(Stored data entries)
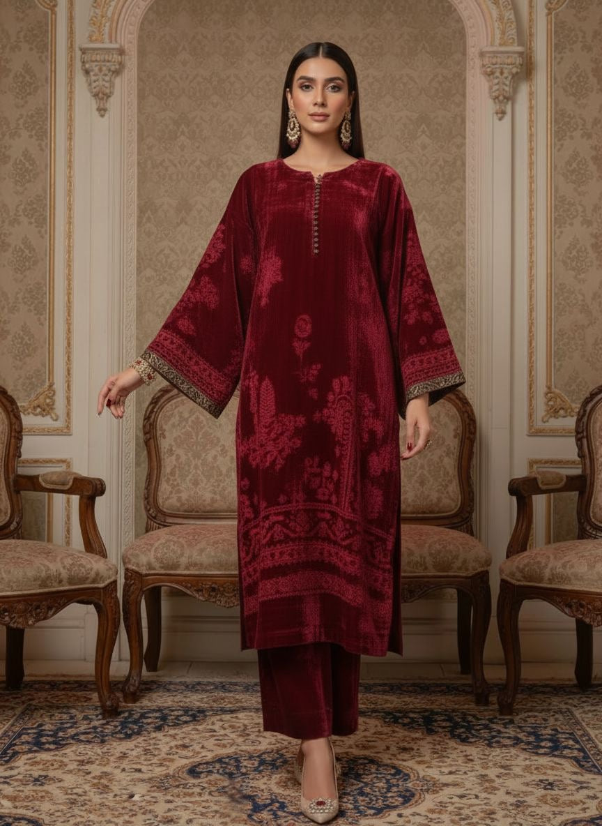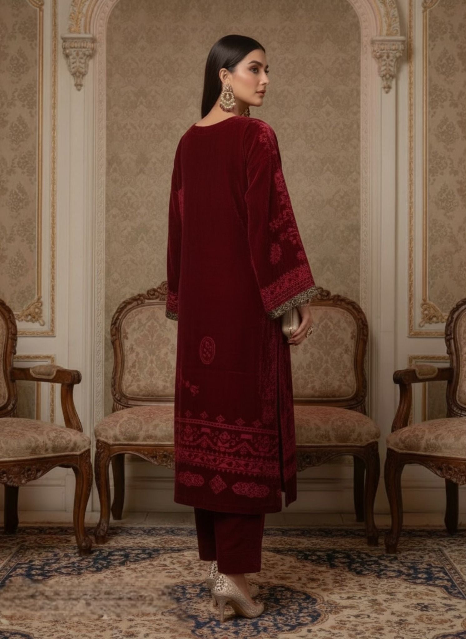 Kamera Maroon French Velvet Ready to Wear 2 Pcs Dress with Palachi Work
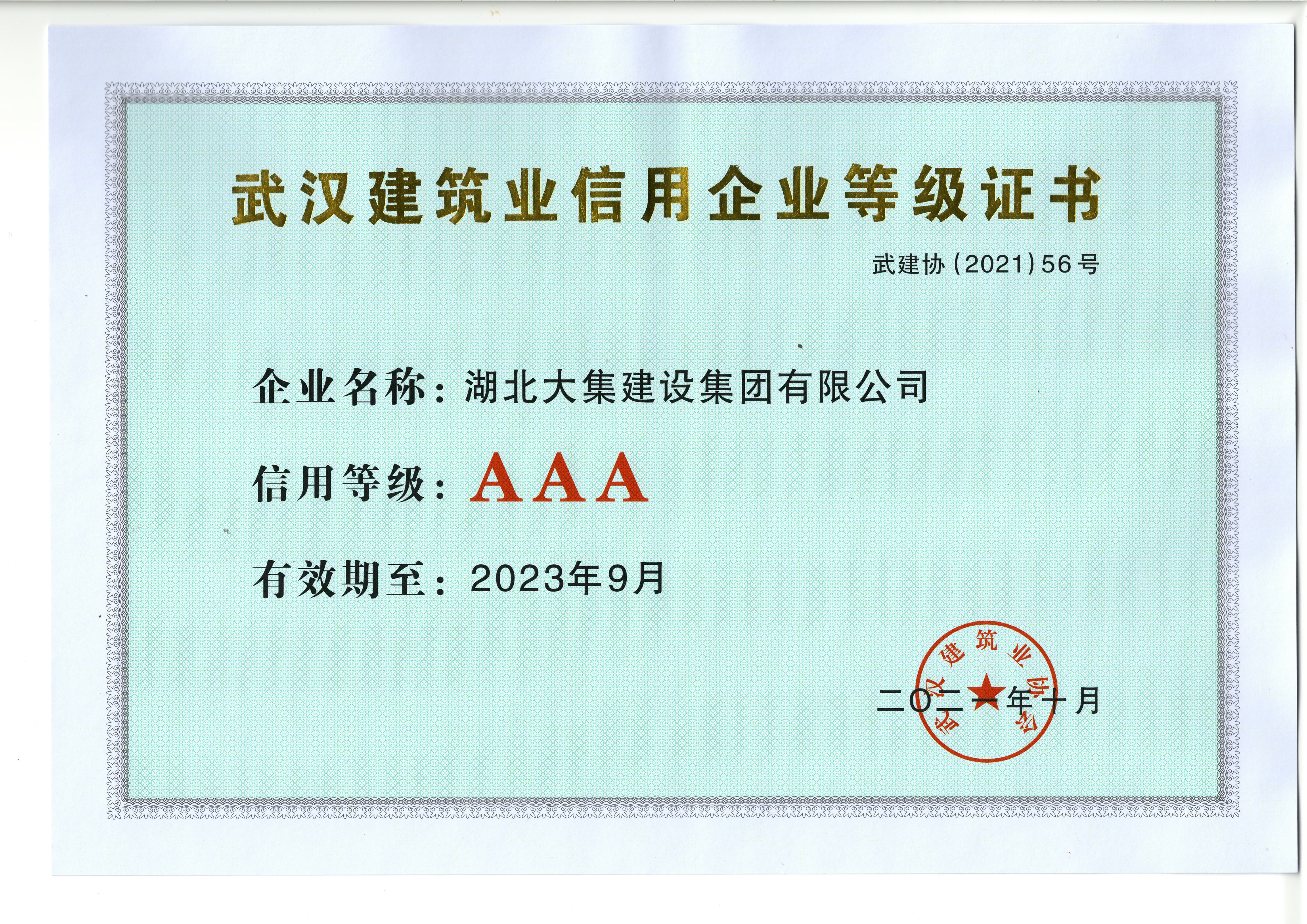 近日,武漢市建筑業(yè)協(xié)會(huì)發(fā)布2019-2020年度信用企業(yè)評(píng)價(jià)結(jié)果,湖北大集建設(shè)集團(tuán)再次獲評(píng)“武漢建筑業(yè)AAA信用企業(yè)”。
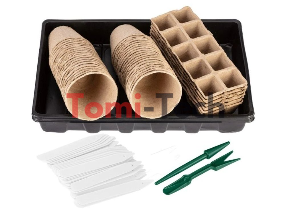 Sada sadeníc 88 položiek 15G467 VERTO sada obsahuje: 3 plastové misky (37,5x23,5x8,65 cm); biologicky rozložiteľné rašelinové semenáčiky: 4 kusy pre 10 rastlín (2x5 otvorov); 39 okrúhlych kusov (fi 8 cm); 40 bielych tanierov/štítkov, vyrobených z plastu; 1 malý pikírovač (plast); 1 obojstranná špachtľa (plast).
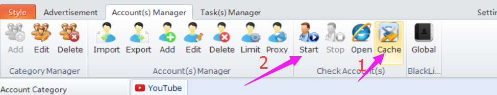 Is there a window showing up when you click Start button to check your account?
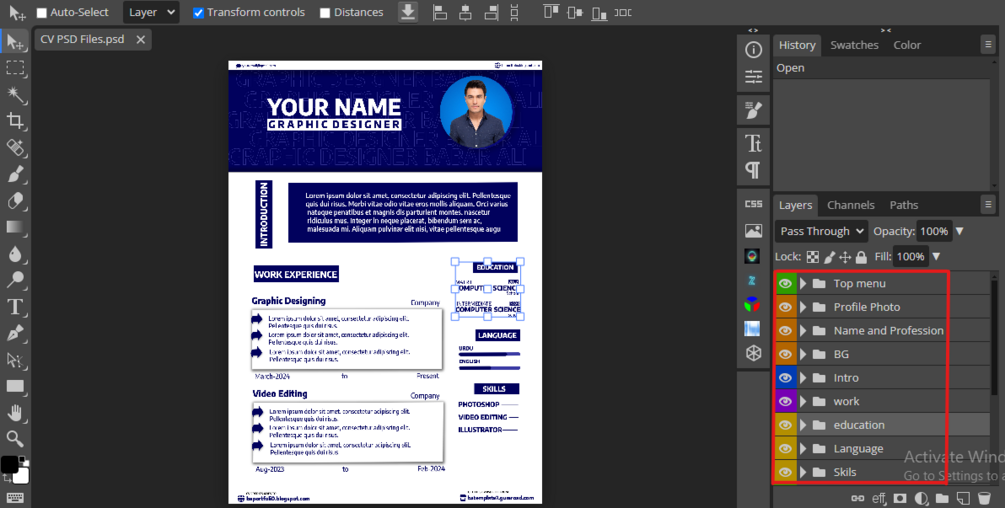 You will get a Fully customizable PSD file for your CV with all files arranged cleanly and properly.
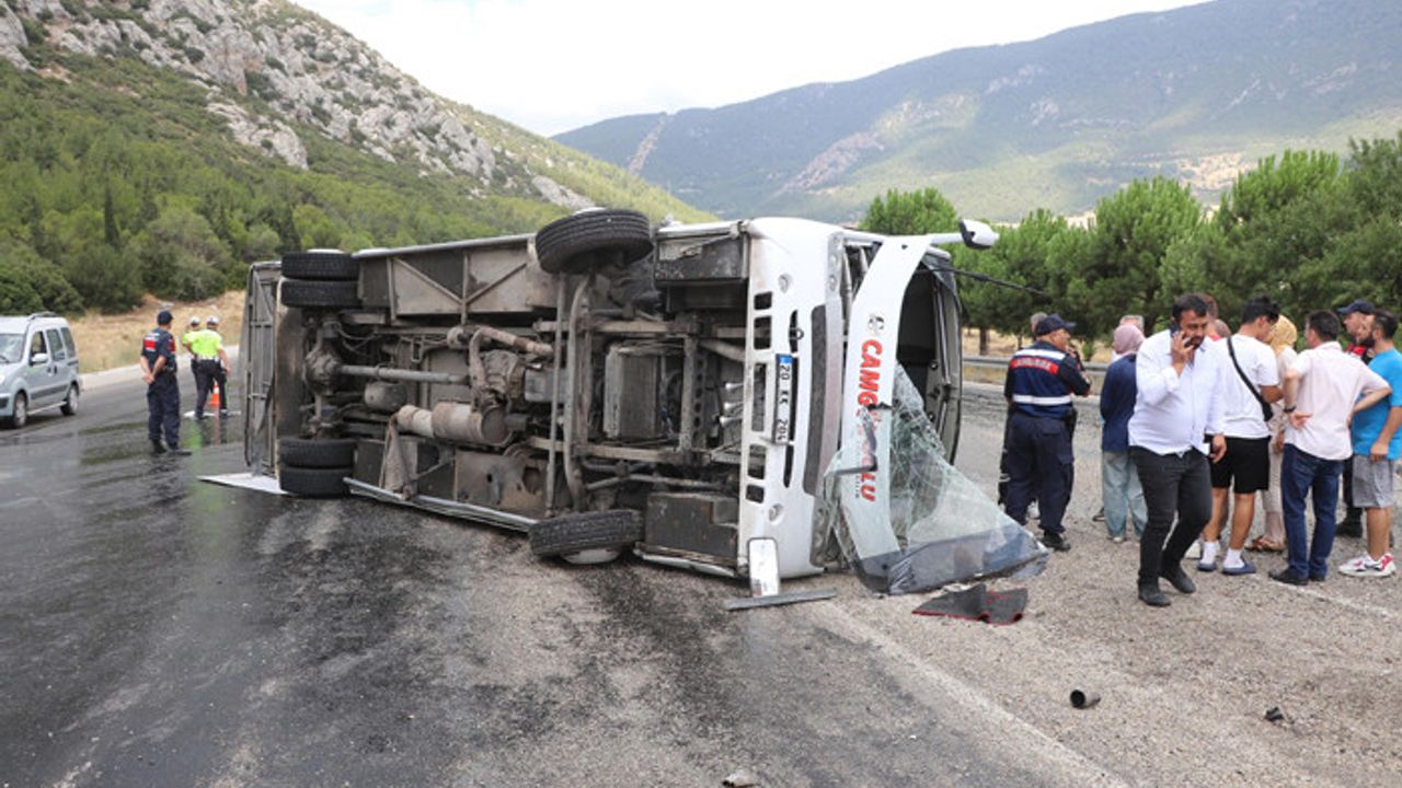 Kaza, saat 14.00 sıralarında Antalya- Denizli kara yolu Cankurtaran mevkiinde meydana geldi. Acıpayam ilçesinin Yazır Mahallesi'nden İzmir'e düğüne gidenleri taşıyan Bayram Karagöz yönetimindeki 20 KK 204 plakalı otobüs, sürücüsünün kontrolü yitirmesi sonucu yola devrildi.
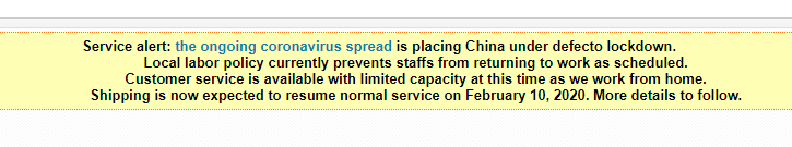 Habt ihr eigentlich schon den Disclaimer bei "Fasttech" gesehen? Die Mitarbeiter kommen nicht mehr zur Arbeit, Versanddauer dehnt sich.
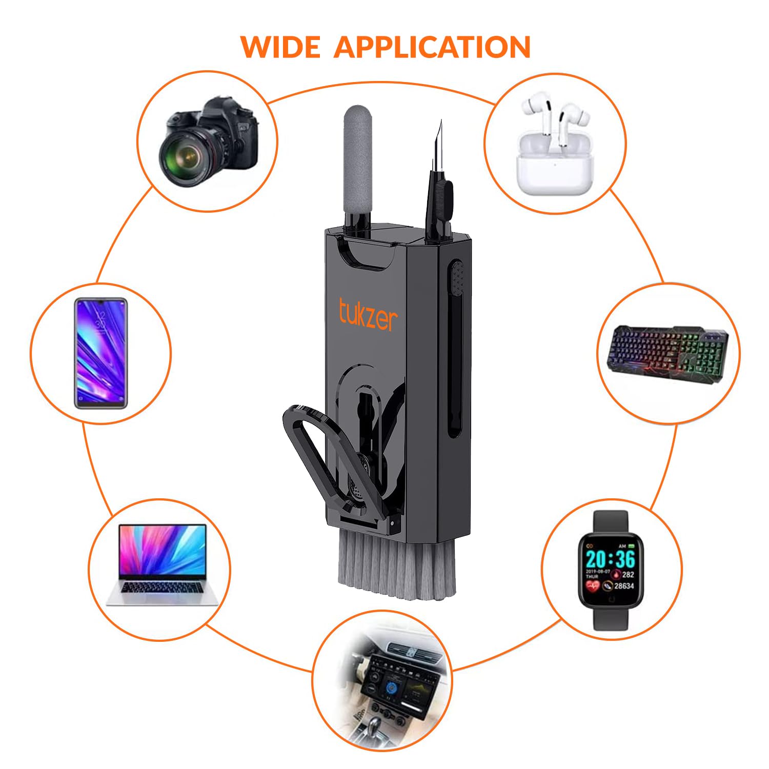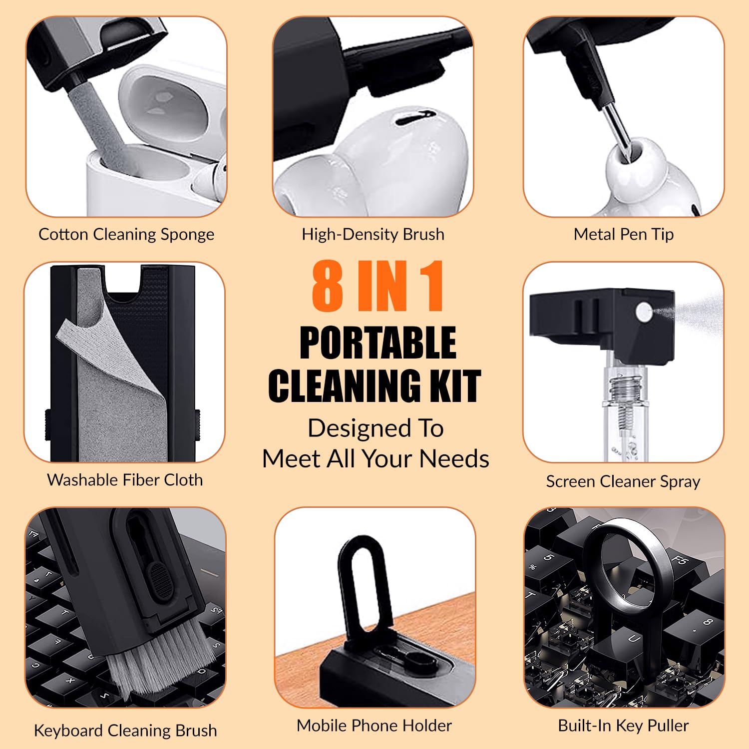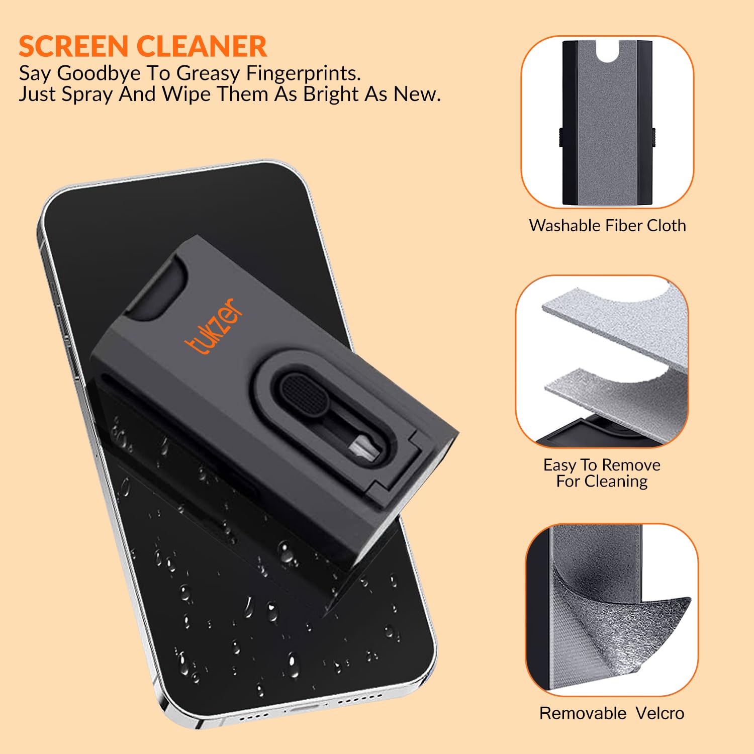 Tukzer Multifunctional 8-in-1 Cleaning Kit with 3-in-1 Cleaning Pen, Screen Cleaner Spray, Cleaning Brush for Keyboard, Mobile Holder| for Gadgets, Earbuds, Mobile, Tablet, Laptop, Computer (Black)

== What needs to be done ==
The entries must be repeated exactly. Leave the images out.

== Output of the task ==
 Kamera Maroon French Velvet Ready to Wear 2 Pcs Dress with Palachi Work
 近日,武漢市建筑業(yè)協(xié)會(huì)發(fā)布2019-2020年度信用企業(yè)評(píng)價(jià)結(jié)果,湖北大集建設(shè)集團(tuán)再次獲評(píng)“武漢建筑業(yè)AAA信用企業(yè)”。
 Sada sadeníc 88 položiek 15G467 VERTO sada obsahuje: 3 plastové misky (37,5x23,5x8,65 cm); biologicky rozložiteľné rašelinové semenáčiky: 4 kusy pre 10 rastlín (2x5 otvorov); 39 okrúhlych kusov (fi 8 cm); 40 bielych tanierov/štítkov, vyrobených z plastu; 1 malý pikírovač (plast); 1 obojstranná špachtľa (plast).
 Is there a window showing up when you click Start button to check your account?
 You will get a Fully customizable PSD file for your CV with all files arranged cleanly and properly.
 Kaza, saat 14.00 sıralarında Antalya- Denizli kara yolu Cankurtaran mevkiinde meydana geldi. Acıpayam ilçesinin Yazır Mahallesi'nden İzmir'e düğüne gidenleri taşıyan Bayram Karagöz yönetimindeki 20 KK 204 plakalı otobüs, sürücüsünün kontrolü yitirmesi sonucu yola devrildi.
 Habt ihr eigentlich schon den Disclaimer bei "Fasttech" gesehen? Die Mitarbeiter kommen nicht mehr zur Arbeit, Versanddauer dehnt sich.
 Tukzer Multifunctional 8-in-1 Cleaning Kit with 3-in-1 Cleaning Pen, Screen Cleaner Spray, Cleaning Brush for Keyboard, Mobile Holder| for Gadgets, Earbuds, Mobile, Tablet, Laptop, Computer (Black)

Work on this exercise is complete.